Information supplied:
::::
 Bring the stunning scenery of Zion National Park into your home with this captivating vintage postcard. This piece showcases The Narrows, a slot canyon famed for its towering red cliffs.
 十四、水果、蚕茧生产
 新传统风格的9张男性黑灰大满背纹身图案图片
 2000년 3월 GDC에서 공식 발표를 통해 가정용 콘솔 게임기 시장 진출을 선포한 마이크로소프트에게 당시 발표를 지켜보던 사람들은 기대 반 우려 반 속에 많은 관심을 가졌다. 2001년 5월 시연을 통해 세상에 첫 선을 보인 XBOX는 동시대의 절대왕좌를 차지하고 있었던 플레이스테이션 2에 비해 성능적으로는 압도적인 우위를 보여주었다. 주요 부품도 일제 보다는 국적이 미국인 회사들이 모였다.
::::
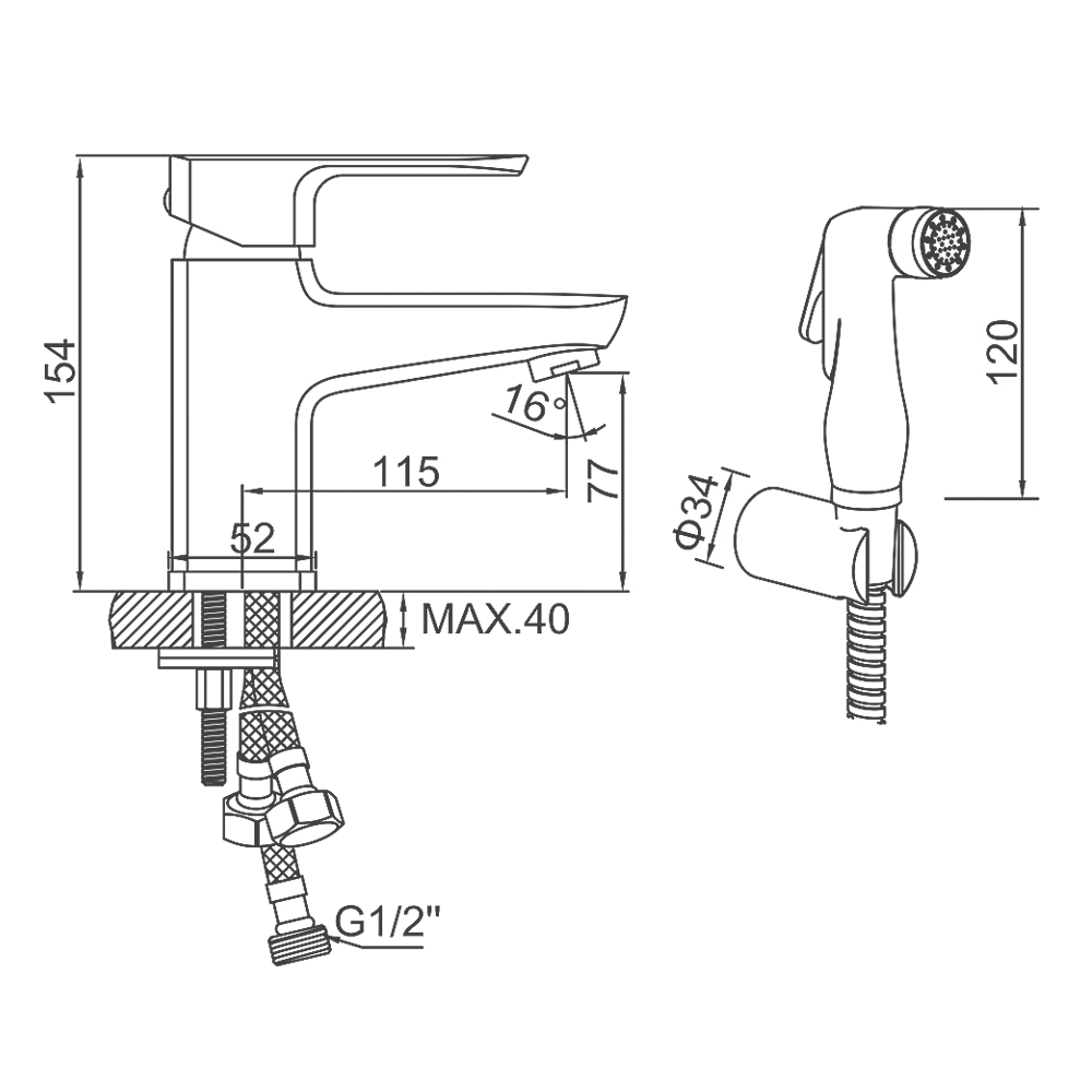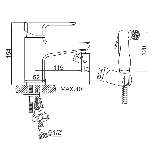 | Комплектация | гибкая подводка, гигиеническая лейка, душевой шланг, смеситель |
::::
Exercise:
Working from the material above, retype exactly the lines from the one with "新传统风格的9张男性黑灰大满背纹身图案图片" through the one with "2000년 3월 GDC에서", both included, and only those lines.

Reply to the exercise:
 新传统风格的9张男性黑灰大满背纹身图案图片
 2000년 3월 GDC에서 공식 발표를 통해 가정용 콘솔 게임기 시장 진출을 선포한 마이크로소프트에게 당시 발표를 지켜보던 사람들은 기대 반 우려 반 속에 많은 관심을 가졌다. 2001년 5월 시연을 통해 세상에 첫 선을 보인 XBOX는 동시대의 절대왕좌를 차지하고 있었던 플레이스테이션 2에 비해 성능적으로는 압도적인 우위를 보여주었다. 주요 부품도 일제 보다는 국적이 미국인 회사들이 모였다.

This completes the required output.